**ABOUT THIS EXERCISE**
Make an exact copy of the listing underneath, skipping each picture.

**RECORDED INFORMATION**
........

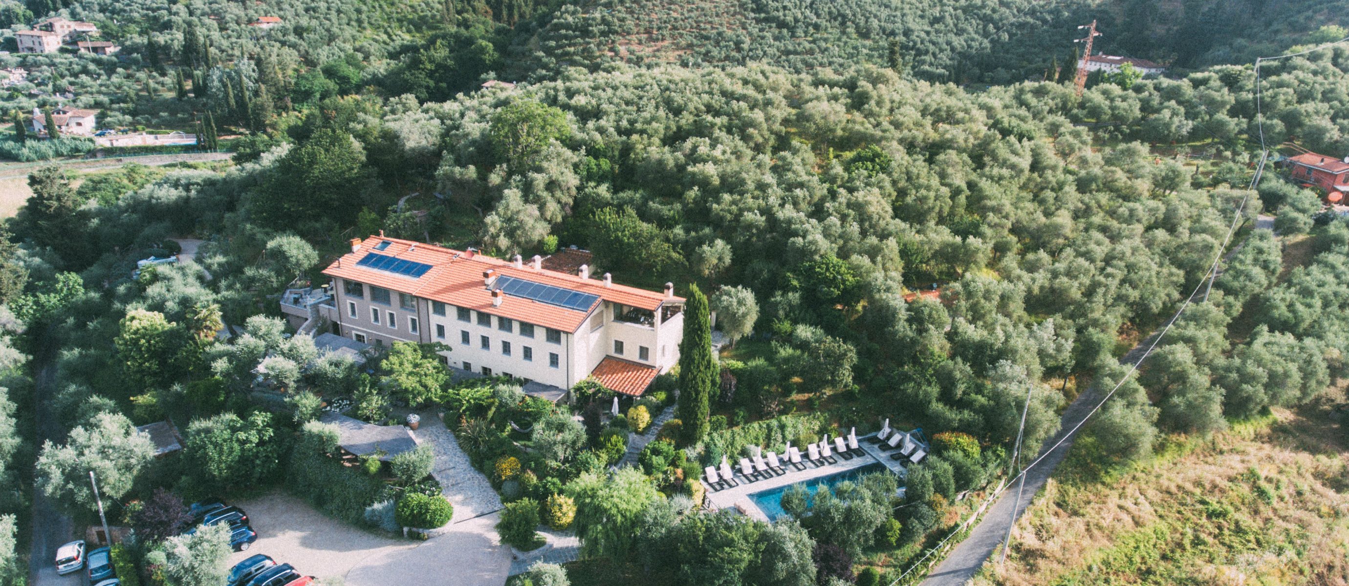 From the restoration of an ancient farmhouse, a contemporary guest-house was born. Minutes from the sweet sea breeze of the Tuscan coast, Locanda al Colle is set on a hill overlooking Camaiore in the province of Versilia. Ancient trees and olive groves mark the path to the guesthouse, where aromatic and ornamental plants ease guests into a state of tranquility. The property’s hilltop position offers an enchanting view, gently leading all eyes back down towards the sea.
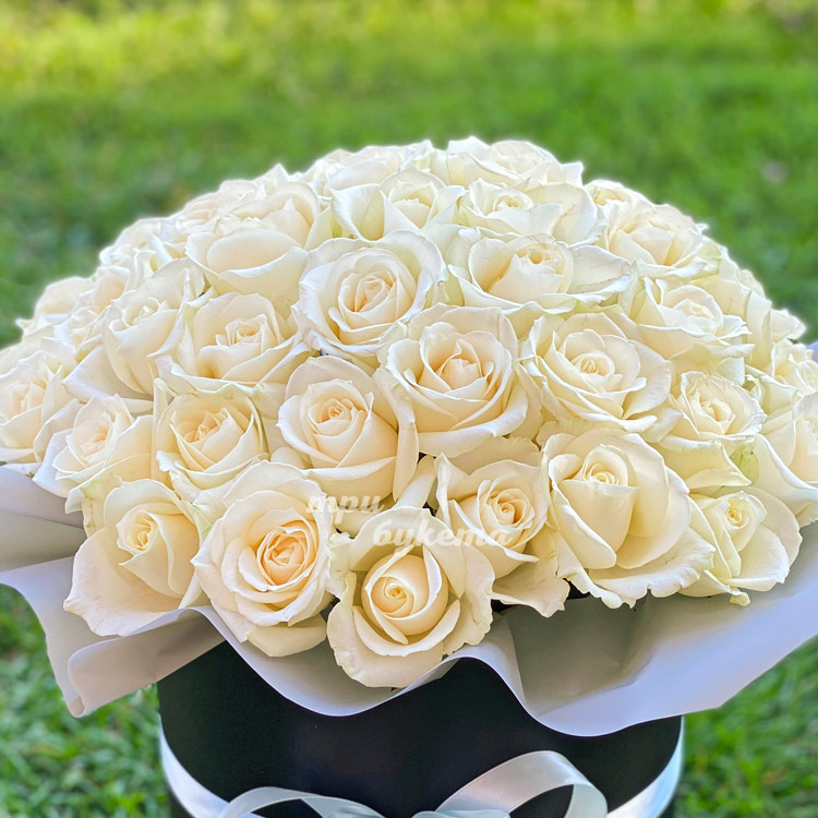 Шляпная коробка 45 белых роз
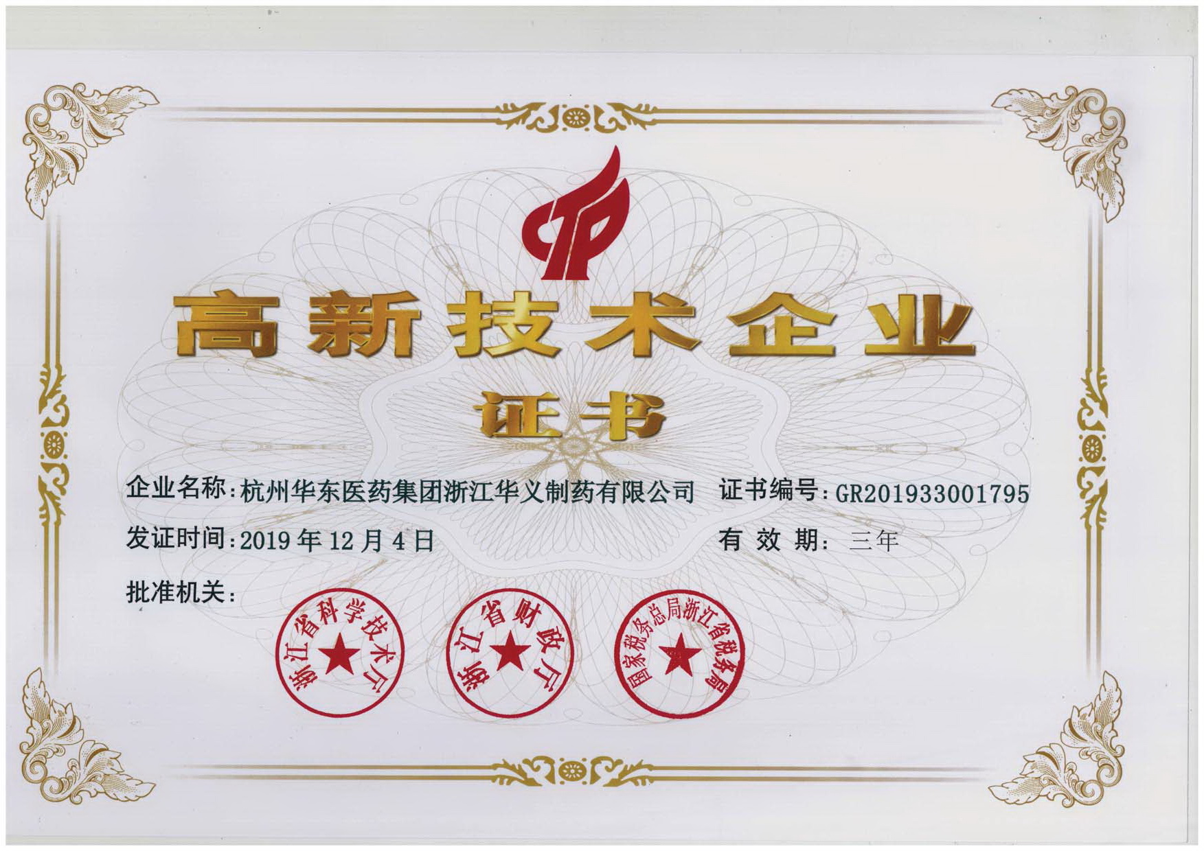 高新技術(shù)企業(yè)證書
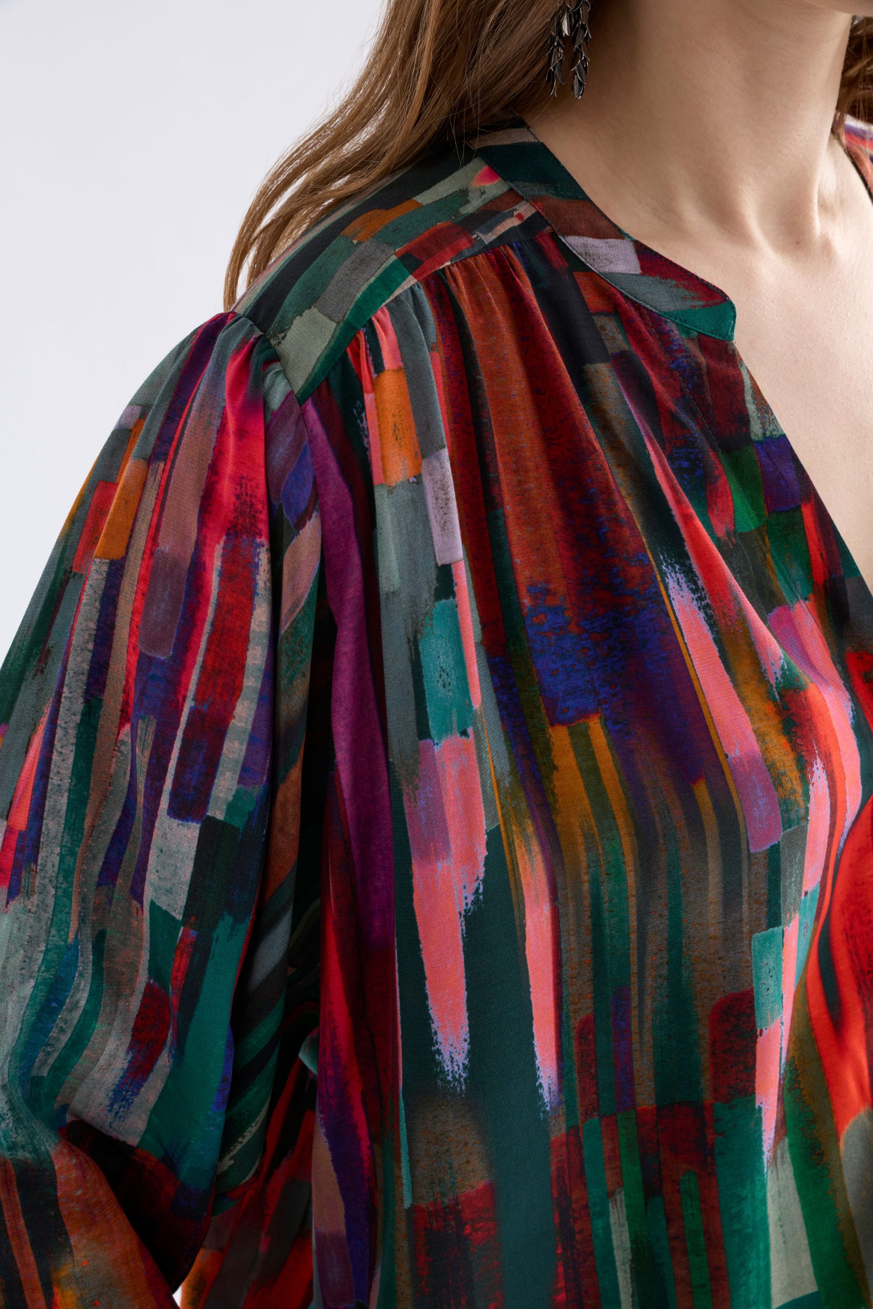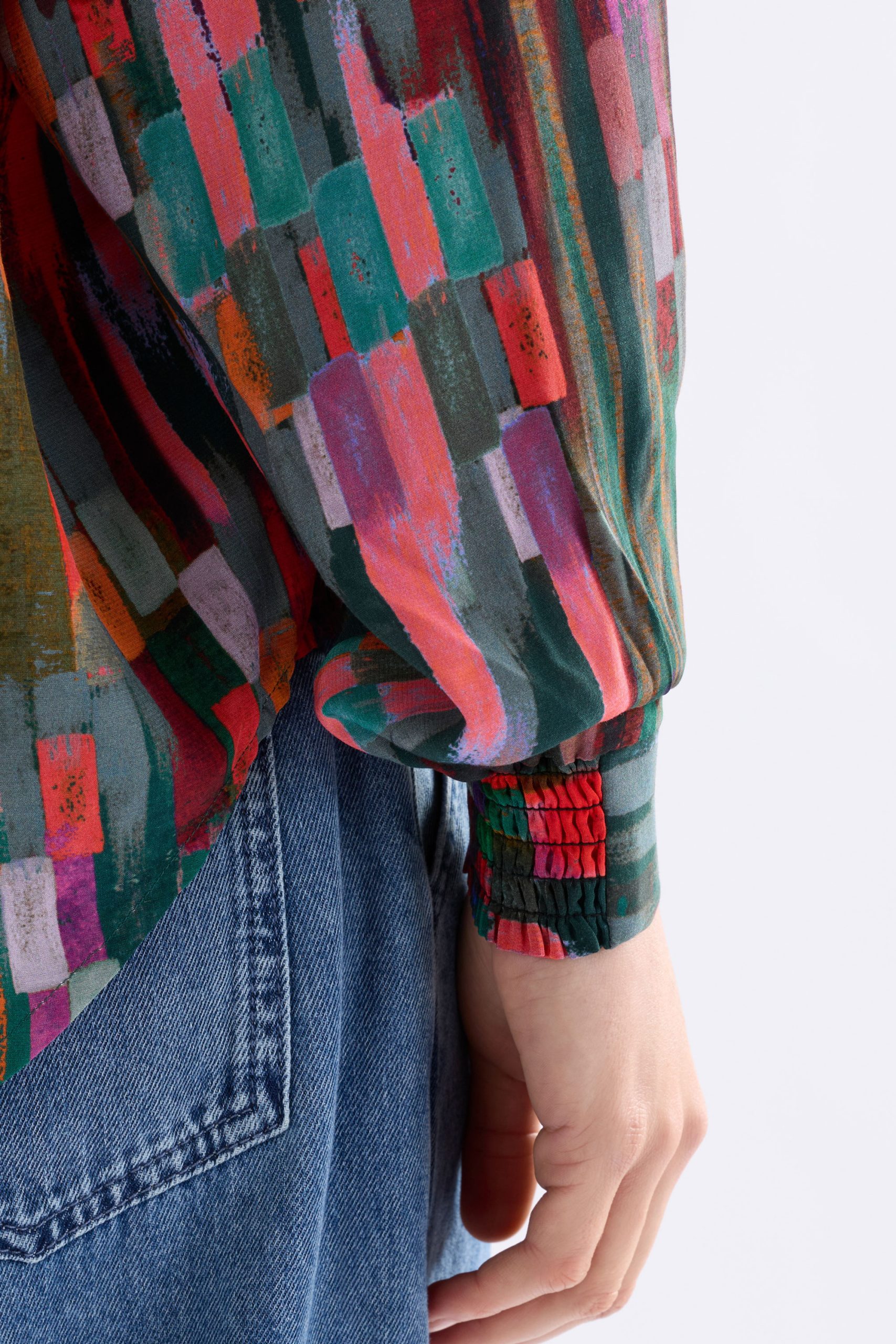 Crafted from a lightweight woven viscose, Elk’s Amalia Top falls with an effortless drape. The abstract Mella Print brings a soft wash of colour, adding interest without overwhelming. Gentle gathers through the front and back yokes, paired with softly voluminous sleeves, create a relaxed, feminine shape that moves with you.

........

**REPLY**
 From the restoration of an ancient farmhouse, a contemporary guest-house was born. Minutes from the sweet sea breeze of the Tuscan coast, Locanda al Colle is set on a hill overlooking Camaiore in the province of Versilia. Ancient trees and olive groves mark the path to the guesthouse, where aromatic and ornamental plants ease guests into a state of tranquility. The property’s hilltop position offers an enchanting view, gently leading all eyes back down towards the sea.
 Шляпная коробка 45 белых роз
 高新技術(shù)企業(yè)證書
 Crafted from a lightweight woven viscose, Elk’s Amalia Top falls with an effortless drape. The abstract Mella Print brings a soft wash of colour, adding interest without overwhelming. Gentle gathers through the front and back yokes, paired with softly voluminous sleeves, create a relaxed, feminine shape that moves with you.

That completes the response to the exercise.